▶ RAW DATA
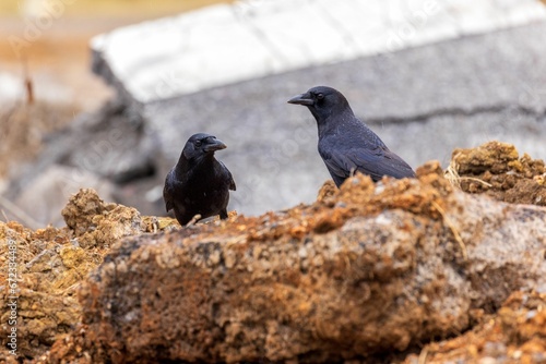 Obraz premium Selective focus shot of two crows perched on a brown rock
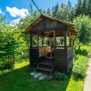 На участке размером почти 6 соток установлена добротная беседка 2023 года постройки, имеется мангал, умывальник с проточной водой, добротный сарай. На территории участка аккуратные грядки и клумбы, молодые плодовые деревья, газон. Есть собственный выход к лесу через калитку.
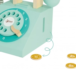 Questo telefono in legno in stile classico offre ai bambini un’esperienza di gioco autentica. Grazie al quadrante girevole, alla cornetta con cordino e al gioco d’inserimento delle monete, i bambini imparano a sostenere una conversazione, sviluppano abilità sociali ed esercitano la coordinazione mano-occhio. Senza batterie – si sente un piacevole campanello meccanico.
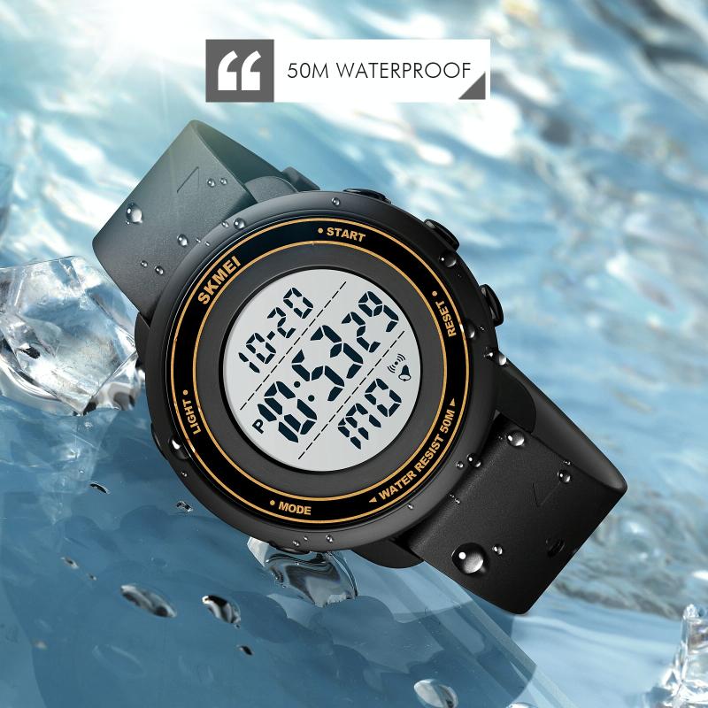 SKMEI 1736 Τριπλός Στρογγυλός Δίσκος Χρονισμού Ψηφιακή Ένδειξη LED Φωτεινό Ηλεκτρονικό Ρολόι (Χρυσό και Μαύρο) (SKMEI)

▶ INSTRUCTIONS TO FOLLOW
From the first line to the last, give the data again exactly, but without pictures.

▶ EXERCISE SOLUTION
 Obraz premium Selective focus shot of two crows perched on a brown rock
 На участке размером почти 6 соток установлена добротная беседка 2023 года постройки, имеется мангал, умывальник с проточной водой, добротный сарай. На территории участка аккуратные грядки и клумбы, молодые плодовые деревья, газон. Есть собственный выход к лесу через калитку.
 Questo telefono in legno in stile classico offre ai bambini un’esperienza di gioco autentica. Grazie al quadrante girevole, alla cornetta con cordino e al gioco d’inserimento delle monete, i bambini imparano a sostenere una conversazione, sviluppano abilità sociali ed esercitano la coordinazione mano-occhio. Senza batterie – si sente un piacevole campanello meccanico.
 SKMEI 1736 Τριπλός Στρογγυλός Δίσκος Χρονισμού Ψηφιακή Ένδειξη LED Φωτεινό Ηλεκτρονικό Ρολόι (Χρυσό και Μαύρο) (SKMEI)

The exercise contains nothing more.